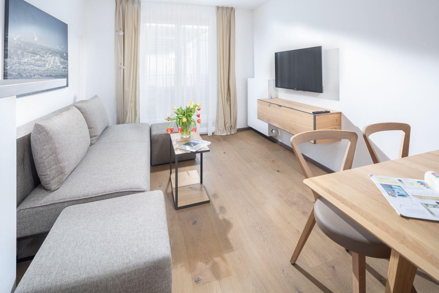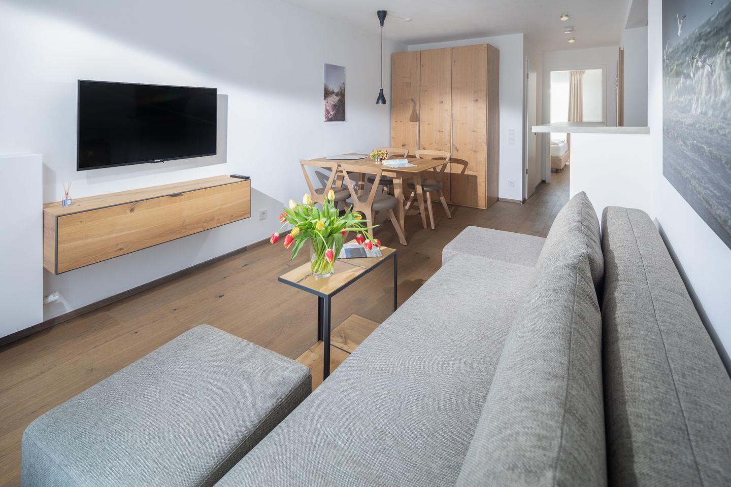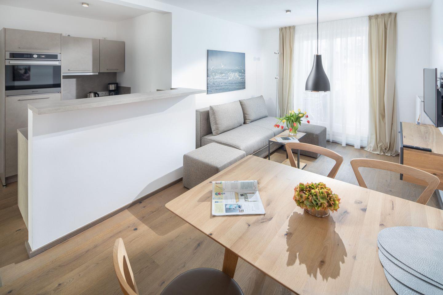Das Neubau-Appartement in der 1. Etage verfügt über einen Wohnraum mit
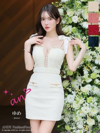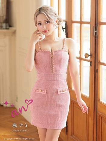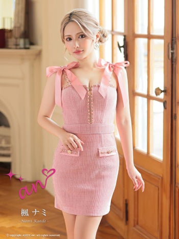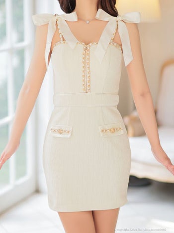 キャバドレス ミニドレス an アン ジップデザイン チェーン リボン 飾りポケット 切り替え キャミソール タイトミニドレス
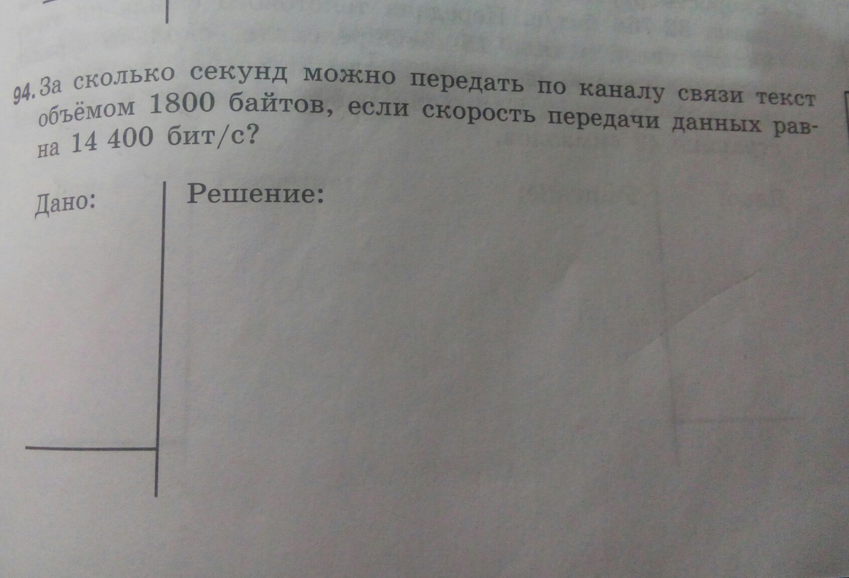 Еще 2 задачи! 1. Сколько CD объемом 700 Мбайт потребуется для размещения информации, полностью занимающей жесткий диск емкостью 120 Гбайт? Дано и решение. 2. Средняя скорость передачи данных по некоторому каналу связи равно 30720 бит/с Определите, сколько понадобится секунд, чтобы передать по этому каналу 80 страниц текста, каждая страница которого содержит в среднем 128 символов, а информационный вес одного символа равен 8 бит. Тоже дано и решение.

——

• [Task description] Leaving out the images, repeat the listing above exactly.

• [Solution for this task]
Das Neubau-Appartement in der 1. Etage verfügt über einen Wohnraum mit
 キャバドレス ミニドレス an アン ジップデザイン チェーン リボン 飾りポケット 切り替え キャミソール タイトミニドレス
 Еще 2 задачи! 1. Сколько CD объемом 700 Мбайт потребуется для размещения информации, полностью занимающей жесткий диск емкостью 120 Гбайт? Дано и решение. 2. Средняя скорость передачи данных по некоторому каналу связи равно 30720 бит/с Определите, сколько понадобится секунд, чтобы передать по этому каналу 80 страниц текста, каждая страница которого содержит в среднем 128 символов, а информационный вес одного символа равен 8 бит. Тоже дано и решение.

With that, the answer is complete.